*What the exercise asks*: Copy only the lines from the one with "截至2026年4月23日收盘" through the end of the records, exactly as they stand. No pictures belong in the copy.

*Source material*:
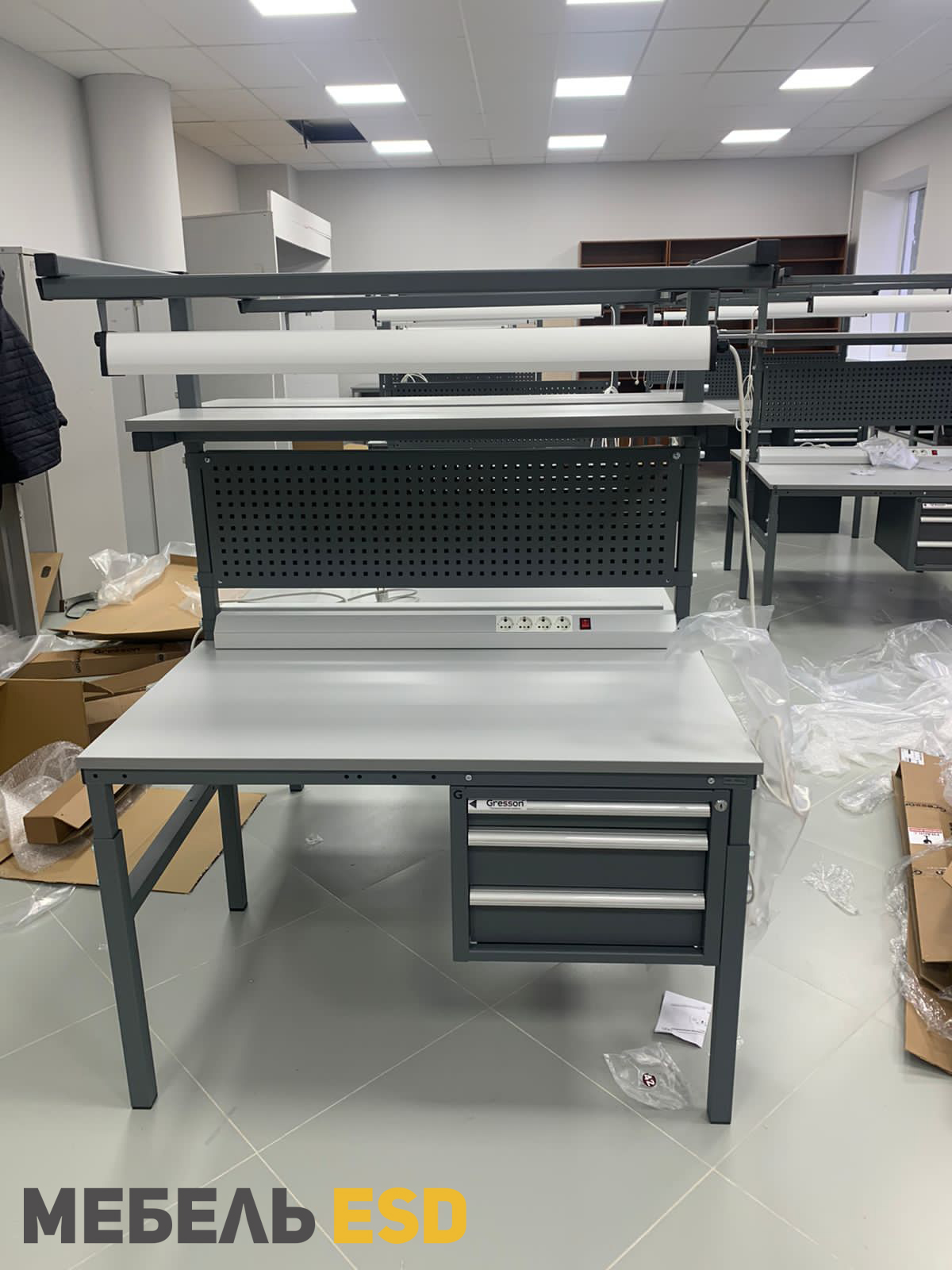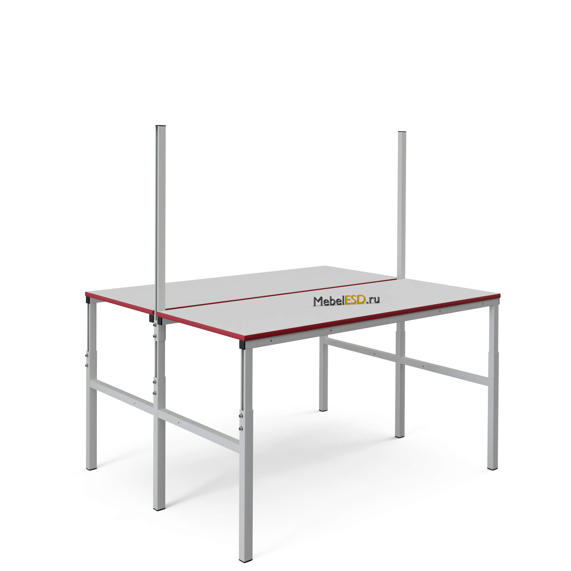 Стол антистатический согласно требованиям стандарта ГОСТ IEC 61340-5-1-2019, на лицевой стороне обеих столешниц имеет маркировку
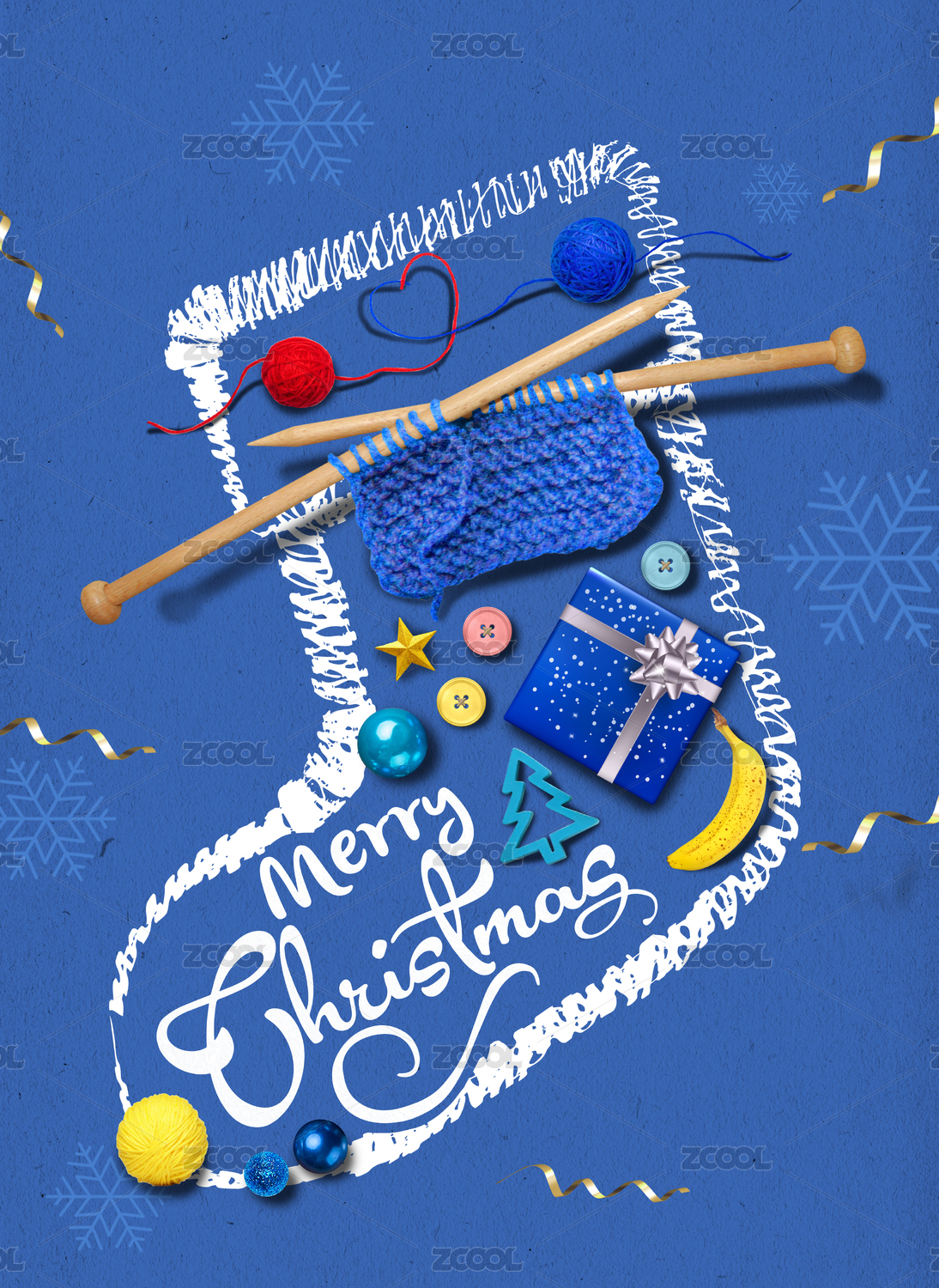蔚蓝色调圣诞袜红色蓝色毛线球毛衣针纽扣蓝色礼物盒香蕉摆拼,圣诞节概念海报
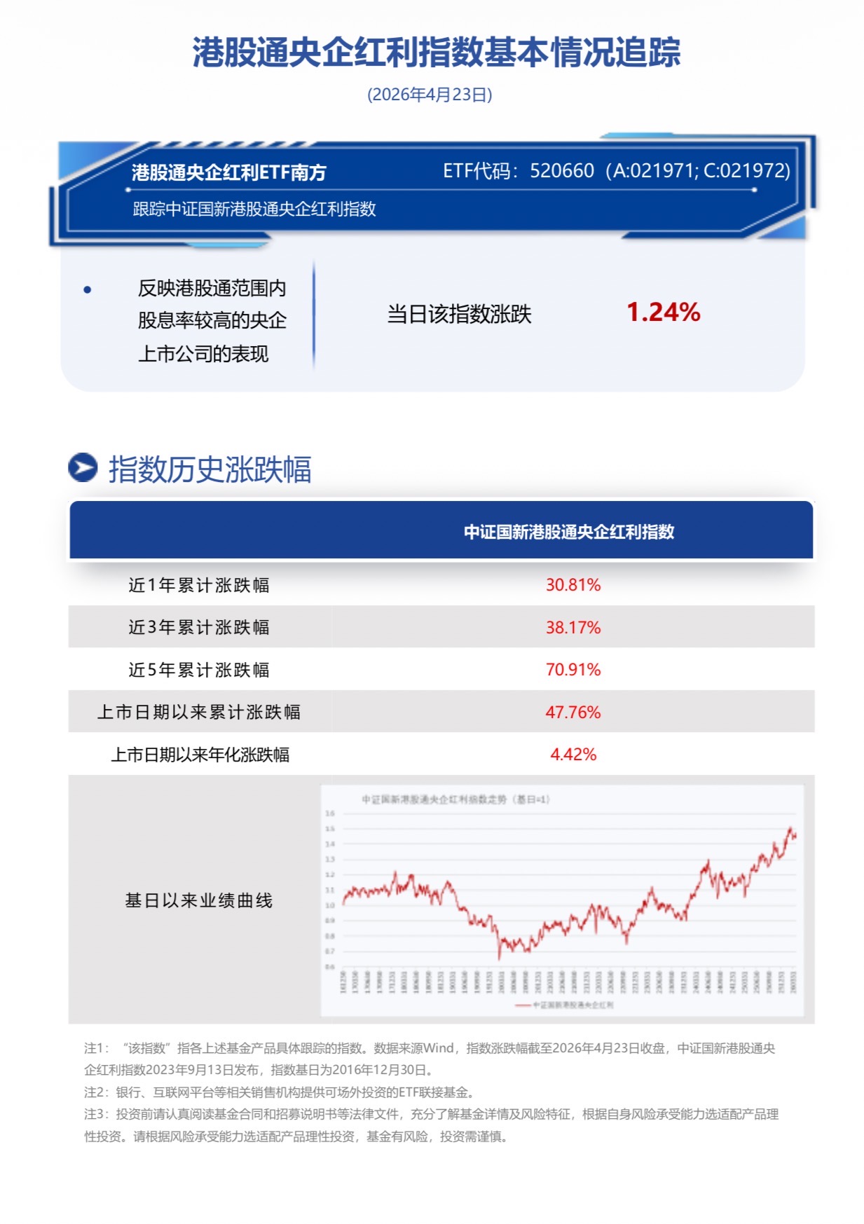 截至2026年4月23日收盘,港股通央企红利ETF南方(520660)换手3.61%,成交0.96亿元,跟踪标的指数中证国新港股通央企红利指数(931722.CSI) 涨1.24%。
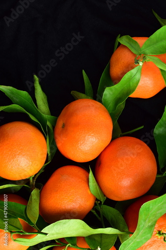 Vertical shot, mandarins with their leaves, top view, black background with space.
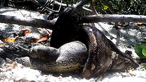 Xem trăn 'khủng' nuốt chửng kỳ nhông khổng lồ
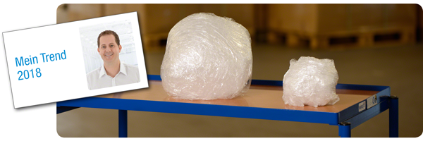 Eine Frage, die sich Unternehmen 2018 verstärkt stellen werden, ist aus meiner Sicht: Wie viel Verpackungsmaterial benötige ich wirklich, um meine Produkte sicher zu verpacken? Wer das verwendete Material analysiert und in der Menge optimiert, profitiert in vielerlei Hinsicht. Zum einen agiert er nachhaltig: Je weniger Ressourcen wir verbrauchen, umso besser für die Umwelt. Darüber hinaus sparen sich Unternehmen Geld, wenn sie eine geringere Menge an Verpackungsmaterial einkaufen, und gewinnen Platz, da weniger Lagerfläche benötigt wird.

*Response to this task*:
 截至2026年4月23日收盘,港股通央企红利ETF南方(520660)换手3.61%,成交0.96亿元,跟踪标的指数中证国新港股通央企红利指数(931722.CSI) 涨1.24%。
 Vertical shot, mandarins with their leaves, top view, black background with space.
 Xem trăn 'khủng' nuốt chửng kỳ nhông khổng lồ
 Eine Frage, die sich Unternehmen 2018 verstärkt stellen werden, ist aus meiner Sicht: Wie viel Verpackungsmaterial benötige ich wirklich, um meine Produkte sicher zu verpacken? Wer das verwendete Material analysiert und in der Menge optimiert, profitiert in vielerlei Hinsicht. Zum einen agiert er nachhaltig: Je weniger Ressourcen wir verbrauchen, umso besser für die Umwelt. Darüber hinaus sparen sich Unternehmen Geld, wenn sie eine geringere Menge an Verpackungsmaterial einkaufen, und gewinnen Platz, da weniger Lagerfläche benötigt wird.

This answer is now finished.